B. A server with dual power supplies can run in one of two modes: redundant or combined. In redundant mode, both power supplies are capable of providing 100 percent of the power needed by the server. Therefore, the server can continue to run if one power supply fails, making it fault tolerant. In combined mode, both power supplies are needed to provide the server's needs, so a failure of one power supply will bring the server down. Individual mode and hot backup mode are not terms used for this purpose.
A rack diagram is typically ruled into vertical rack units, which are standard-sized divisions that hardware manufacturers use when manufacturing rack-mountable components. Which of the following is the standard vertical height of a single rack unit? A. 1.721 inches B. 1.75 inches C. 40 mm D. 3.5 inches
B. A single rack unit is 1.75 inches, or 44.5 mm. Option A, 1.721 inches, is the height used for many components that are one rack unit tall, leaving a small space between components for easy insertion and removal.
Which of the following is a document that a company's new hires might want to consult to determine whether they are permitted to install their own personal software on company computers? A. SLA B. AUP C. NDA D. BYOD
B. Acceptable Use Policies (AUPs) specify whether and how employees can utilize company owned hardware and software resources.

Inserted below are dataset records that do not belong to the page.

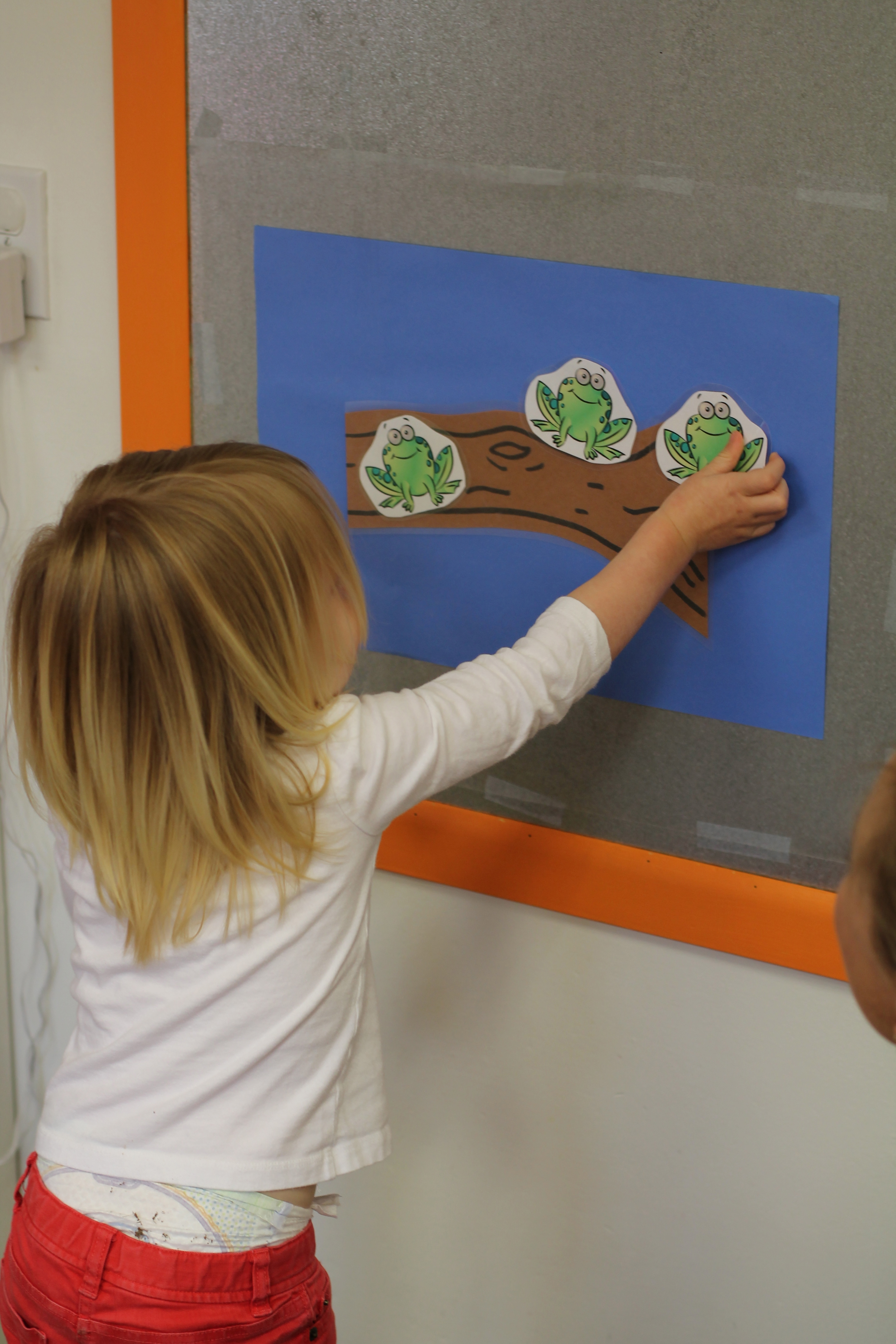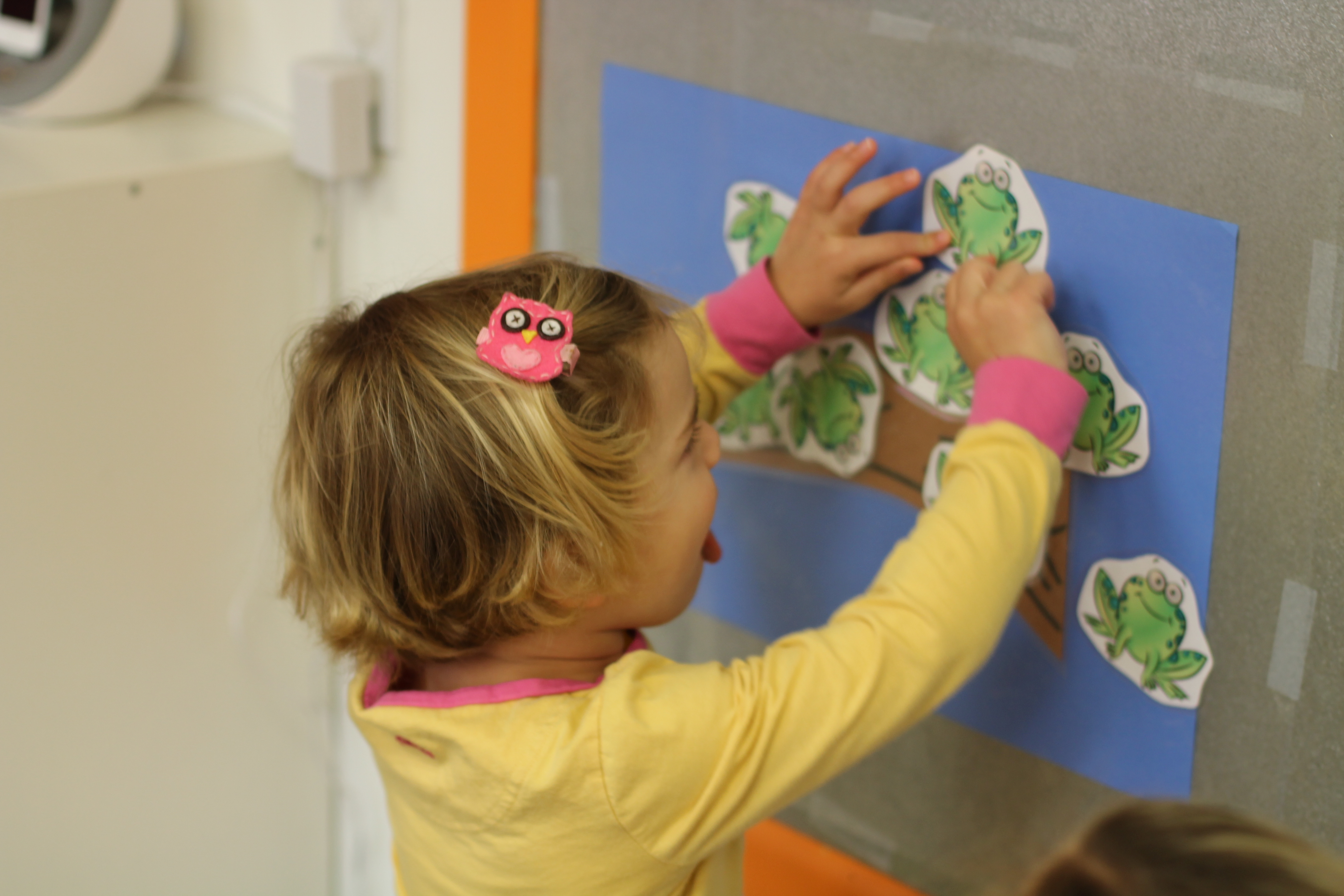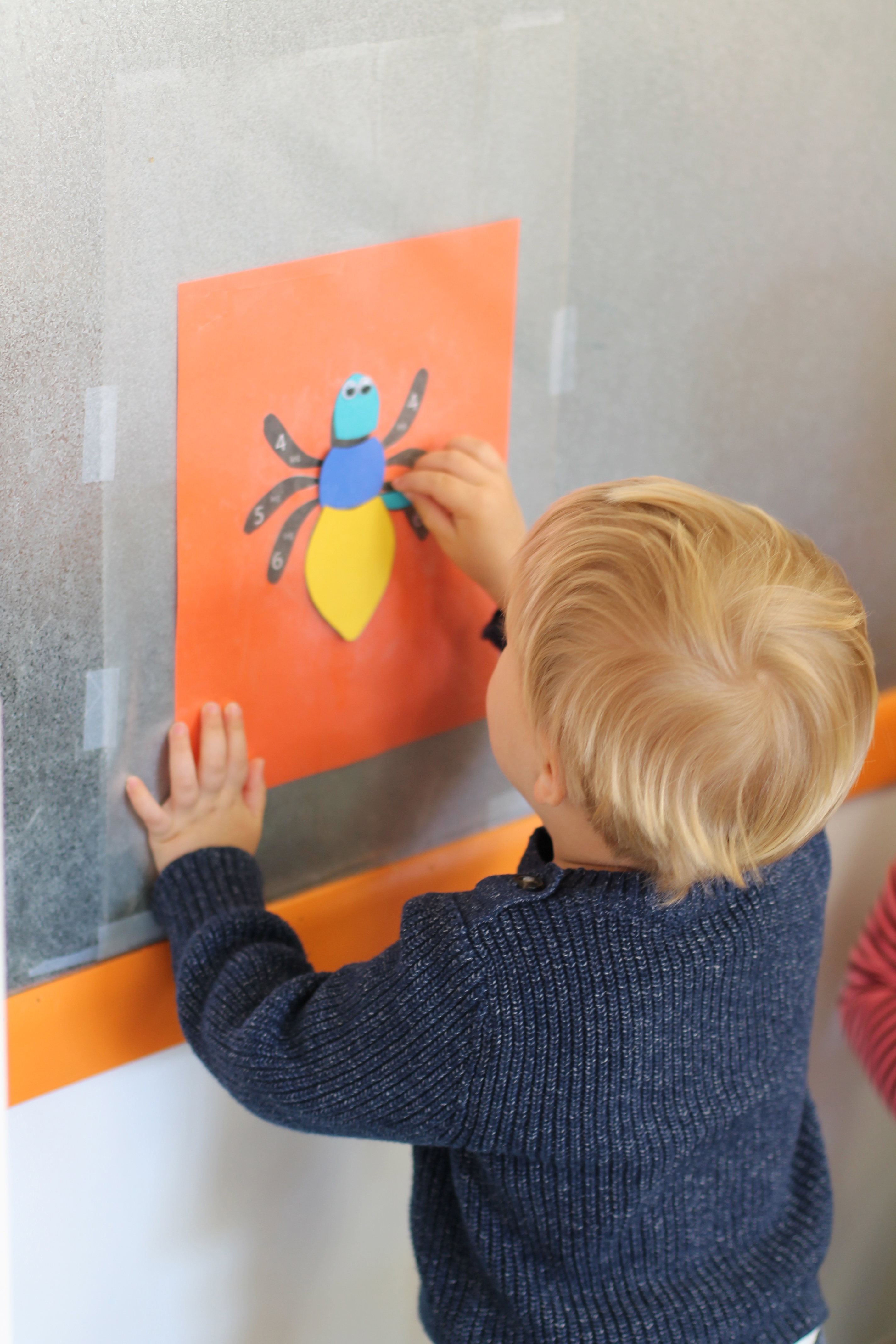 On our easel, we practiced matching colors of ladybugs to leaves.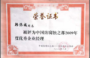 總經理韓濟成:一級建造師、高級工程師、中國腐蝕與防護學會團體協會理事、中國行政管理學會后勤管理研究會理事。被評為中國防腐之都優秀經理。一九七九年從事防腐保溫工程。三十年來,組織和領導各種防腐保溫工程幾百項,積累了豐富的施工技術和組織管理經驗。工作中一貫堅持重合同、守信用、講友情。愿與用戶精誠合作,共同發展防腐保溫事業,為國家經濟建設做出新的貢獻。
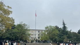 国旗护卫队身着整齐的制服,迈着整齐划一、铿锵有力的步伐,护卫着五星红旗,走向第一教学楼前的旗台。在庄严的国歌声中,鲜艳的五星红旗冉冉升起,全体师生面向国旗肃立致敬。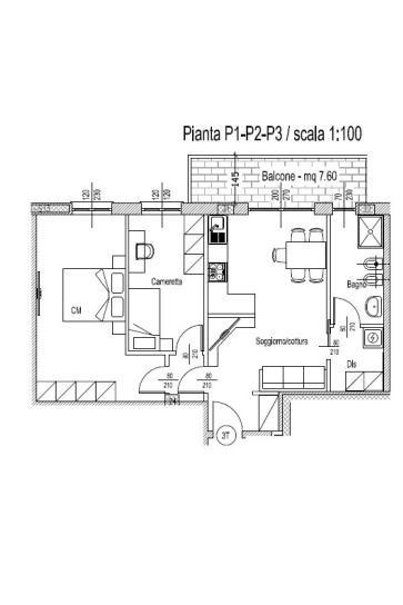 Trilocale di 70 mq, sito al PIANO TERZO, composto da ingresso che porta al luminoso soggiorno dal quale si accede al TERRAZZO DI 7,60 MQ, cucina a vista, bagno con accesso sullo stesso terrazzo, disimpegno, camera matrimoniale e cameretta.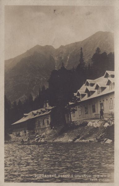 Schronisko nad Popradzkim Stawem w Dolinie Mięguszowieckiej. W tle Skrajna Baszta. Na dole zdjęcia opis: POPRADSKÉ PLESO S ÚTULŇOU 1513 m n. m. oraz J. Ossko.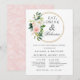 Um convite de janto de ensaio único para dar o tom para a sua celebração de casamento, este design convida os seus convidados a "Comer, Beber e ensaiar". Um quadro circular de anel duplo acentua o título do convite e é embelezado com um buquê floral de cor-de-água, rosas brancas e cor-de-rosa-pincel, com vegetação rasteira. O modelo de texto inclui espaço para os nomes da noiva e do noivo e os detalhes do tempo e do local do ensaio, bem como o tempo e o local do janto.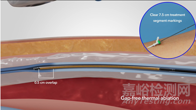 ClosureFast是一款用于治療下周靜脈曲張的射頻消融系統(tǒng),已經(jīng)在歐美、國(guó)內(nèi)上市,6Fr消融導(dǎo)管沒(méi)有在國(guó)內(nèi)上市。ClosureFast采用其分段方法,每個(gè)治療分段重疊 0.5 厘米,旨在消除治療間隙。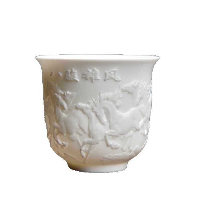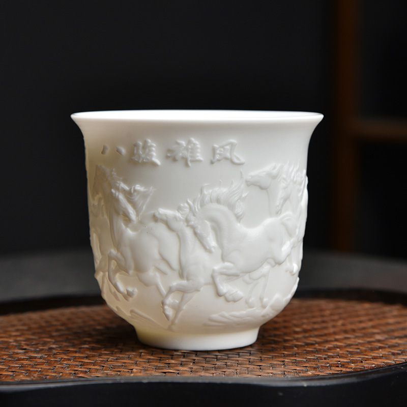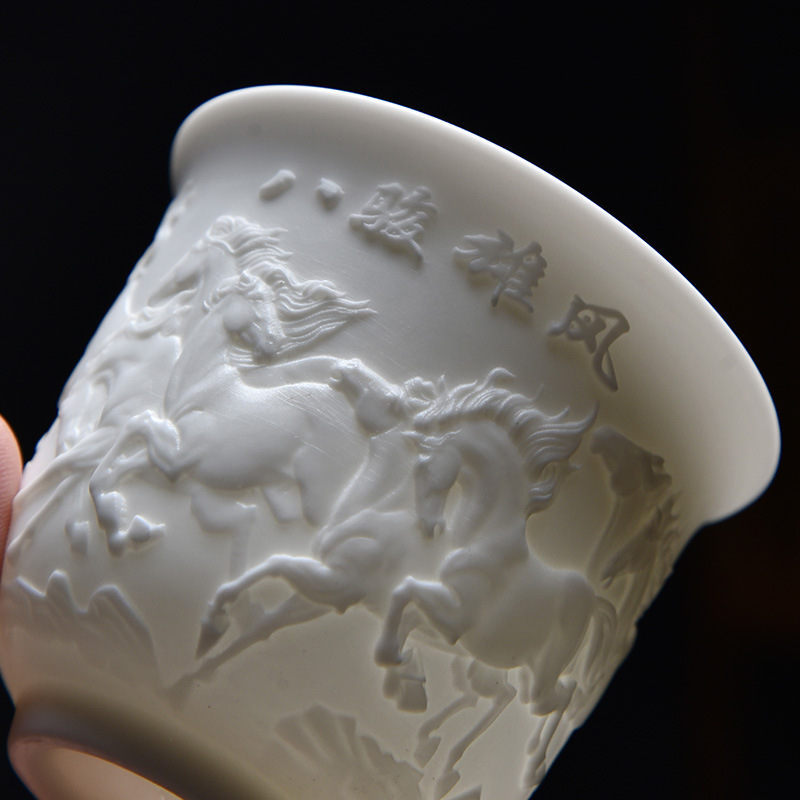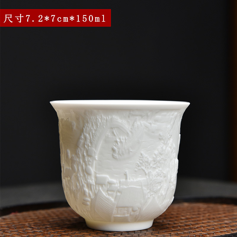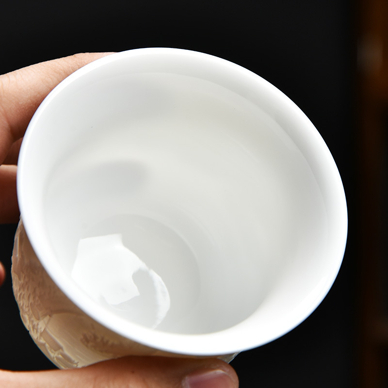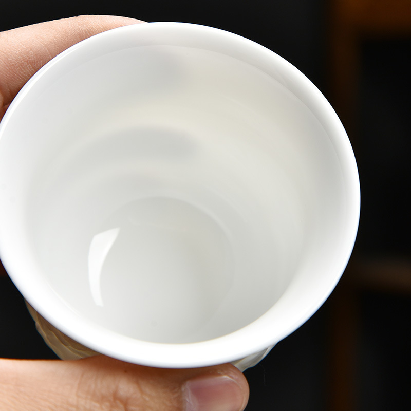 德化白瓷主人杯功夫茶杯浮雕茶具品茗茶盏简约个人专用茶杯福利品

AUPs typically specify what personal work employees can perform, what hardware and software they can install, and what levels of privacy they are permitted when using company equipment. A Service Level Agreement (SLA) is a contract between a provider and a subscriber. A Non-Disclosure Agreement (NDA) specifies what company information employees are permitted to discuss outside the company. A Bring Your Own Device (BYOD) policy specifies how employees can connect their personal devices to the company network.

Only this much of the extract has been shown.